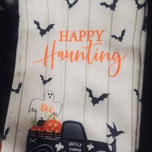 Happy Haunting Halloween Pumpkins bats Oven Mitt Dish Towel Kitchen decor 2p Set
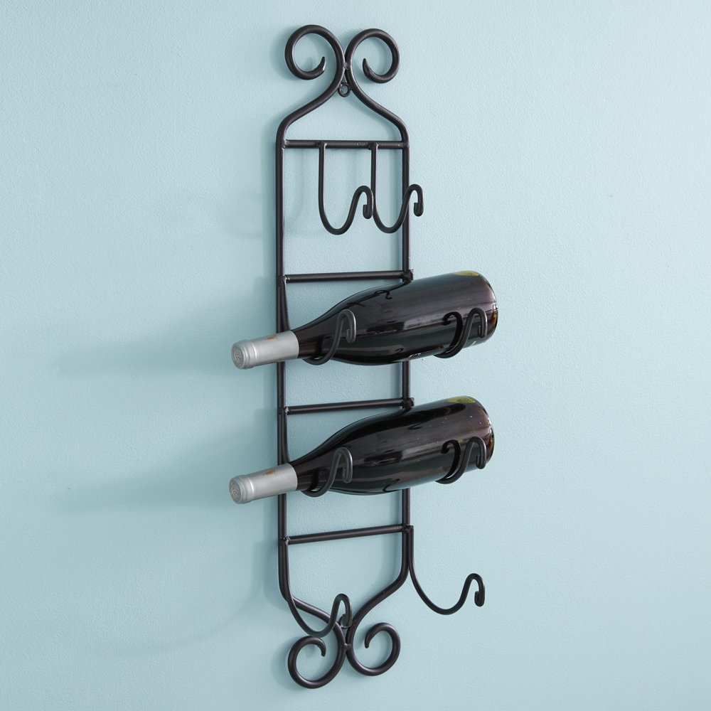 Emulates vines growing against a wall. This wrought iron towel rack holds four bath towels. Hangs 27½'' down 7'' wide and 6'' deep. Towels are not included.
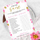 Um delicado chá de panela floral moderno "Find the Guest" (Encontre o Convidado), o design apresenta um padrão floral cor-de-rosa e dourado, este cartão é personalizado com o nome da noiva e a data do chá.
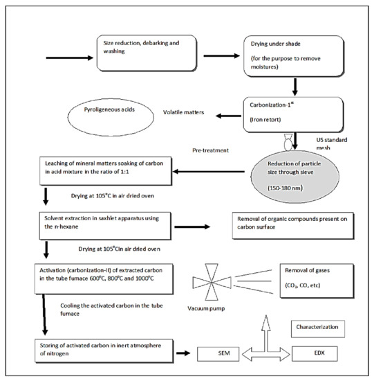 Paulownia tomentosa wood was used as raw material for the preparation of activated carbon. It was collected from Peshawar, Pakistan. A schematic presentation of the experimental setup is given in Figure 2.
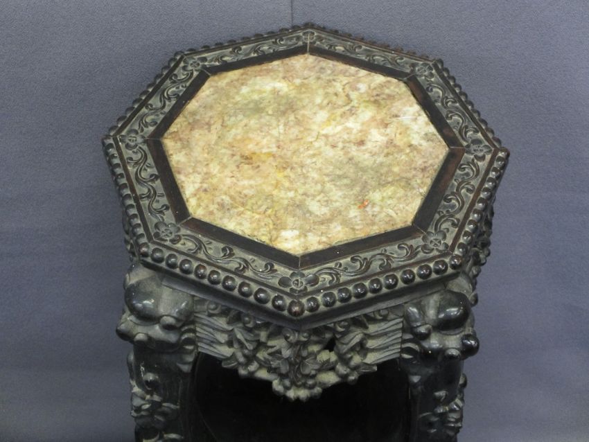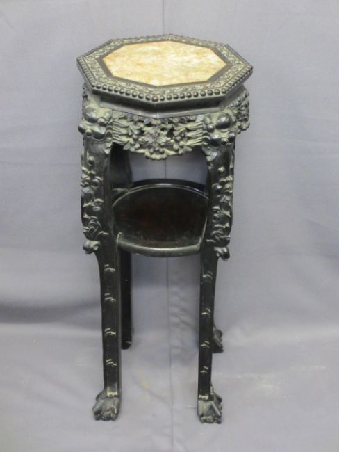 CHINESE CARVED HARDWOOD STAND with inset marble top and under-tier shelf, 84cms H, 35cms W
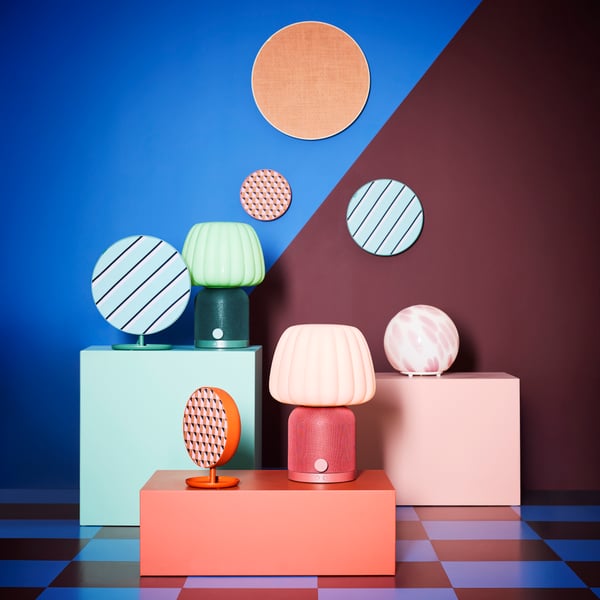 Im Mittelpunkt stehen die neuen SOLSKYDD Bluetooth-Lautsprecher in drei Größen, die KULGLASS Lampenlautsprecher sowie eine neu interpretierte FADO Tischleuchte in frischer Farbgebung. Ergänzt wird die Zusammenarbeit durch bereits erhältliche Produkte wie neue VAPPEBY-Farbvarianten und die farbig geflochtenen Ladekabel SITTBRUNN, RUNDHULT und LILLHULT.
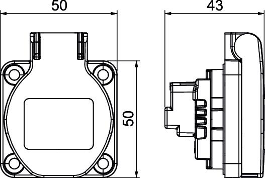 Розетка захисного контакту поверхневого монтажу 0° з відкидною кришкою, зі вставними клемами, 2-полюсна, 16 A, 250 В~, із з’єднувальними клемами відповідно до IEC 60884-1. Клас захисту: IP 44
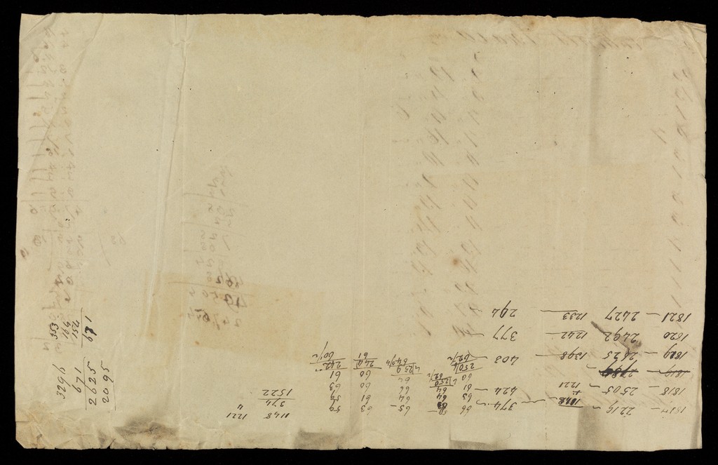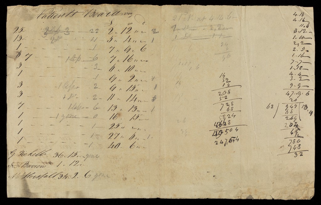Credit: Scraps of accounts, including patients' accounts, sums, an old 1811 accounts wrapper which is a re-used Leyburn auctioneers bond, doodles etc. Source: Wellcome Collection.
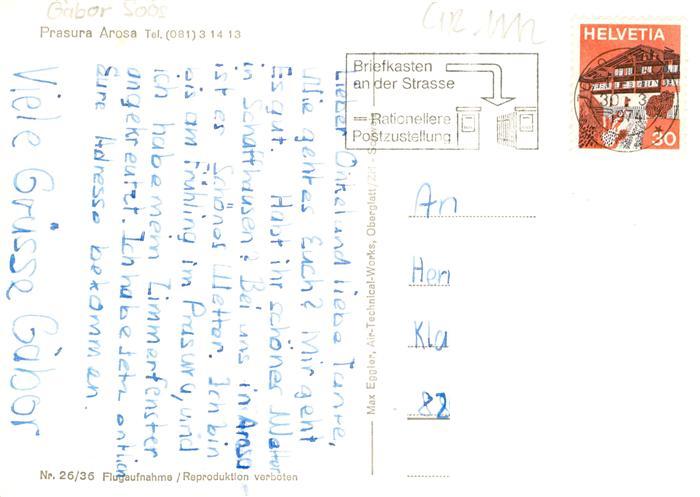 13925905 alte Postkarte Arosa GR Hotel Prasura postalisch gelaufen Erhaltung siehe scans [WerneD78] KatCode: 11470100345296
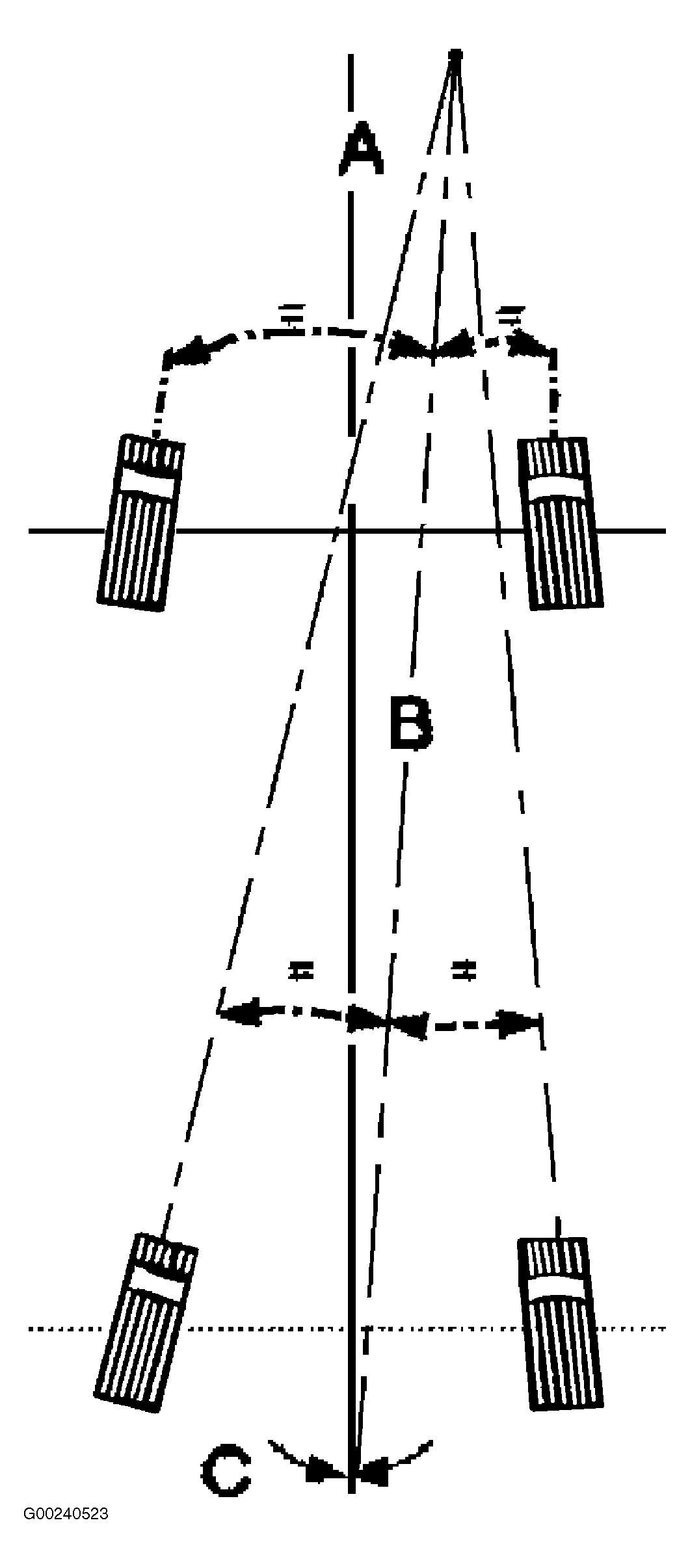 3. Center and lock steering wheel. Check the front wheel toe-in. Check measurement against specification. See WHEEL ALIGNMENT SPECIFICATIONS  . Adjust as needed. See TOE-IN ADJUSTMENT  .
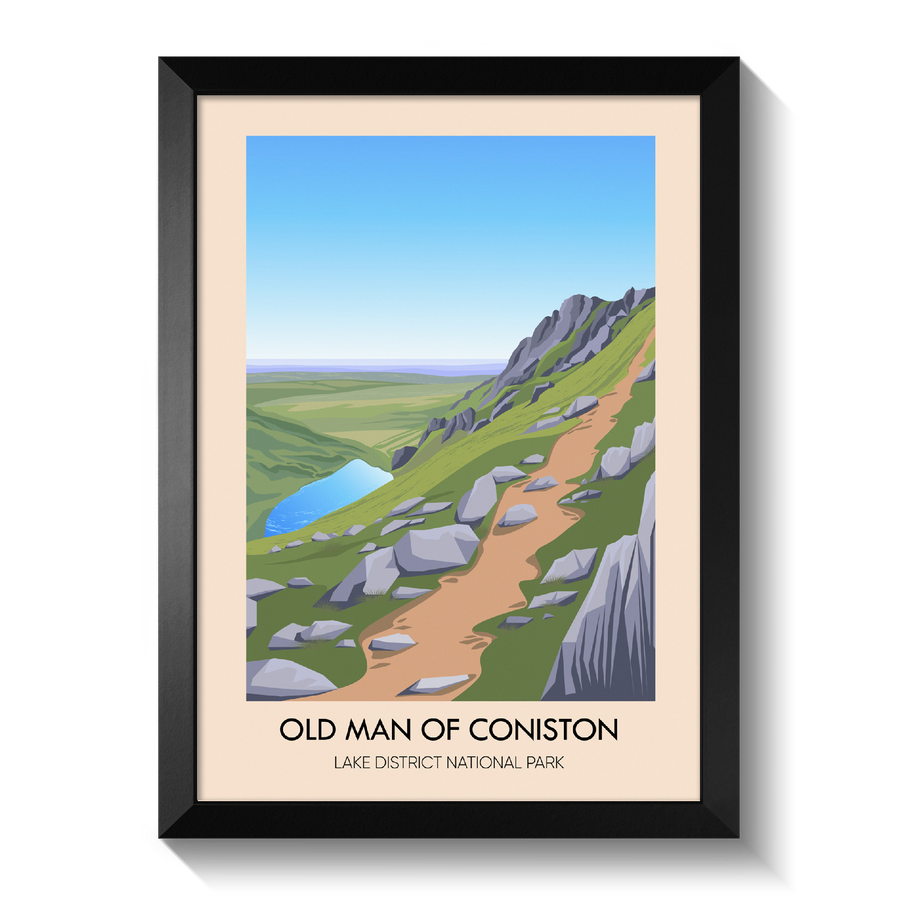 This original print features the Old Man Of Coniston, situated in the Furness Fells west of the village of Coniston and Coniston Water. It is also known as Coniston Old Man, or simply The Old Man.
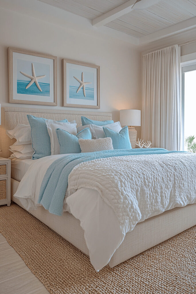 The Starfish Sand Suite radiates gentle coastal charm, its pale sand walls paired with a rattan bed draped in soft grey linens, accented by starfish-patterned pillows. Subtle seashell textures in bedding add tactile calm, while a woven rug softens the floor, grounding the beachy vibe. A single coastal vase fosters serenity, and sheer linen curtains filter light, amplifying the sandy glow. A rattan lamp glows softly, enhancing the understated feel. This suite suits those who love subtle shore themes, offering a tropical bedroom where starfish create a cozy haven.
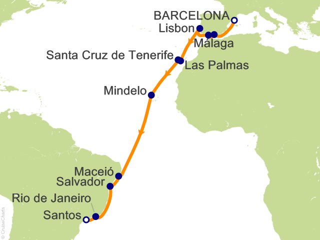 From Barcelona, (Spain) to Santos (Sao Paulo), (Brazil)
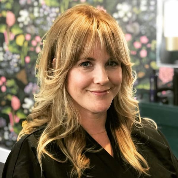 Bold bangs paired with textured layers elevate medium-length hair. The bright blonde color highlights the layers, giving hair a fuller, dimensional appearance. This style is playful yet sophisticated, perfect for women who want attention to detail.
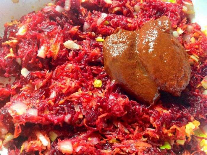 - Rasp de wortelen en bieten grof, hak de paprika fijn in reepjes, snijd de ui in blokjes. Bak alles in plantaardige olie.
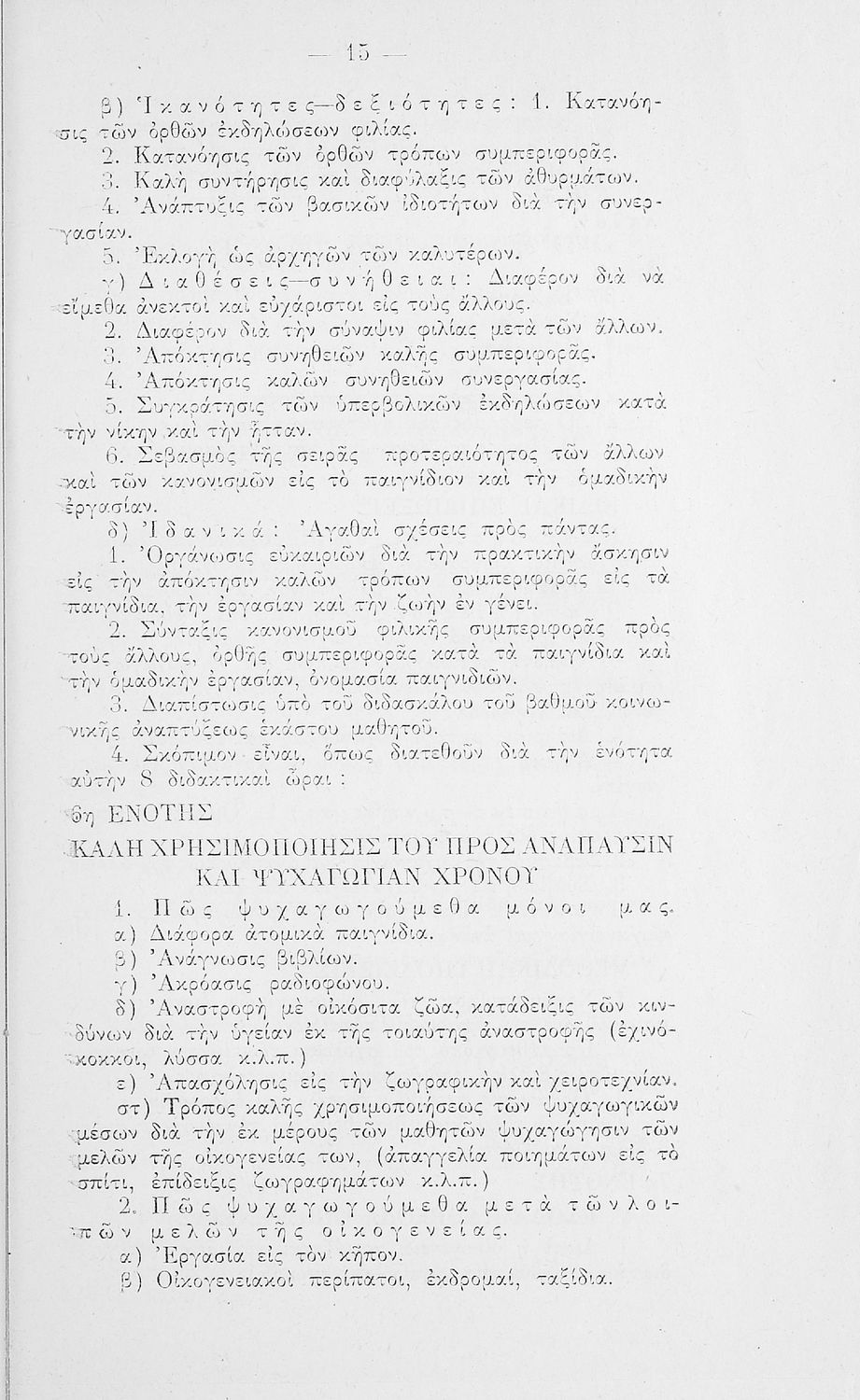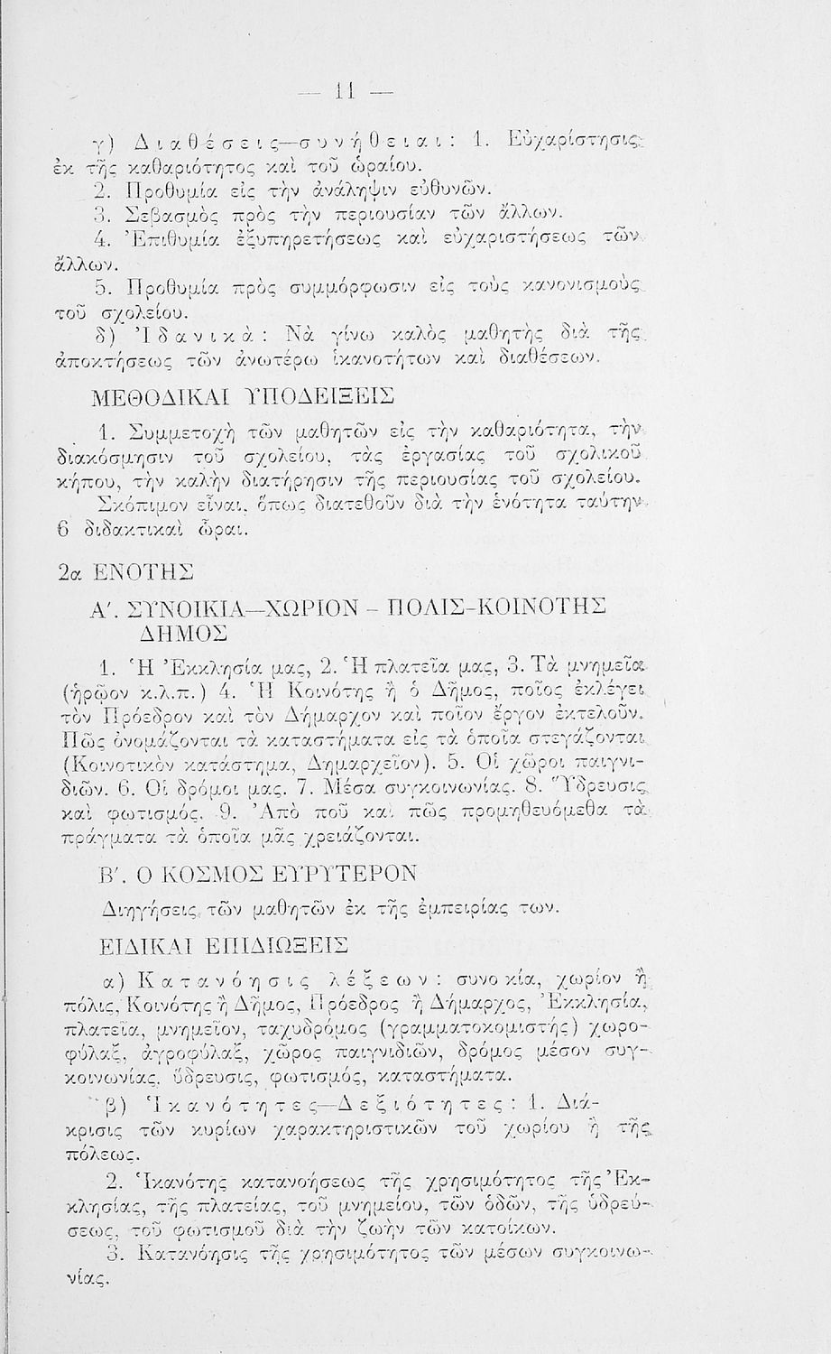 Περί του αναλυτικού και ωρολογίου προγράμματος των Πατριδογνωστικών μαθημάτων των Δημοτικών Σχολείων
=-=-=
**Directions for this task**
The records above are to be copied exactly, without their pictures.

**Result of the task**
 Happy Haunting Halloween Pumpkins bats Oven Mitt Dish Towel Kitchen decor 2p Set
 Emulates vines growing against a wall. This wrought iron towel rack holds four bath towels. Hangs 27½'' down 7'' wide and 6'' deep. Towels are not included.
 Um delicado chá de panela floral moderno "Find the Guest" (Encontre o Convidado), o design apresenta um padrão floral cor-de-rosa e dourado, este cartão é personalizado com o nome da noiva e a data do chá.
 Paulownia tomentosa wood was used as raw material for the preparation of activated carbon. It was collected from Peshawar, Pakistan. A schematic presentation of the experimental setup is given in Figure 2.
 CHINESE CARVED HARDWOOD STAND with inset marble top and under-tier shelf, 84cms H, 35cms W
 Im Mittelpunkt stehen die neuen SOLSKYDD Bluetooth-Lautsprecher in drei Größen, die KULGLASS Lampenlautsprecher sowie eine neu interpretierte FADO Tischleuchte in frischer Farbgebung. Ergänzt wird die Zusammenarbeit durch bereits erhältliche Produkte wie neue VAPPEBY-Farbvarianten und die farbig geflochtenen Ladekabel SITTBRUNN, RUNDHULT und LILLHULT.
 Розетка захисного контакту поверхневого монтажу 0° з відкидною кришкою, зі вставними клемами, 2-полюсна, 16 A, 250 В~, із з’єднувальними клемами відповідно до IEC 60884-1. Клас захисту: IP 44
Credit: Scraps of accounts, including patients' accounts, sums, an old 1811 accounts wrapper which is a re-used Leyburn auctioneers bond, doodles etc. Source: Wellcome Collection.
 13925905 alte Postkarte Arosa GR Hotel Prasura postalisch gelaufen Erhaltung siehe scans [WerneD78] KatCode: 11470100345296
 3. Center and lock steering wheel. Check the front wheel toe-in. Check measurement against specification. See WHEEL ALIGNMENT SPECIFICATIONS  . Adjust as needed. See TOE-IN ADJUSTMENT  .
 This original print features the Old Man Of Coniston, situated in the Furness Fells west of the village of Coniston and Coniston Water. It is also known as Coniston Old Man, or simply The Old Man.
 The Starfish Sand Suite radiates gentle coastal charm, its pale sand walls paired with a rattan bed draped in soft grey linens, accented by starfish-patterned pillows. Subtle seashell textures in bedding add tactile calm, while a woven rug softens the floor, grounding the beachy vibe. A single coastal vase fosters serenity, and sheer linen curtains filter light, amplifying the sandy glow. A rattan lamp glows softly, enhancing the understated feel. This suite suits those who love subtle shore themes, offering a tropical bedroom where starfish create a cozy haven.
 From Barcelona, (Spain) to Santos (Sao Paulo), (Brazil)
 Bold bangs paired with textured layers elevate medium-length hair. The bright blonde color highlights the layers, giving hair a fuller, dimensional appearance. This style is playful yet sophisticated, perfect for women who want attention to detail.
 - Rasp de wortelen en bieten grof, hak de paprika fijn in reepjes, snijd de ui in blokjes. Bak alles in plantaardige olie.
 Περί του αναλυτικού και ωρολογίου προγράμματος των Πατριδογνωστικών μαθημάτων των Δημοτικών Σχολείων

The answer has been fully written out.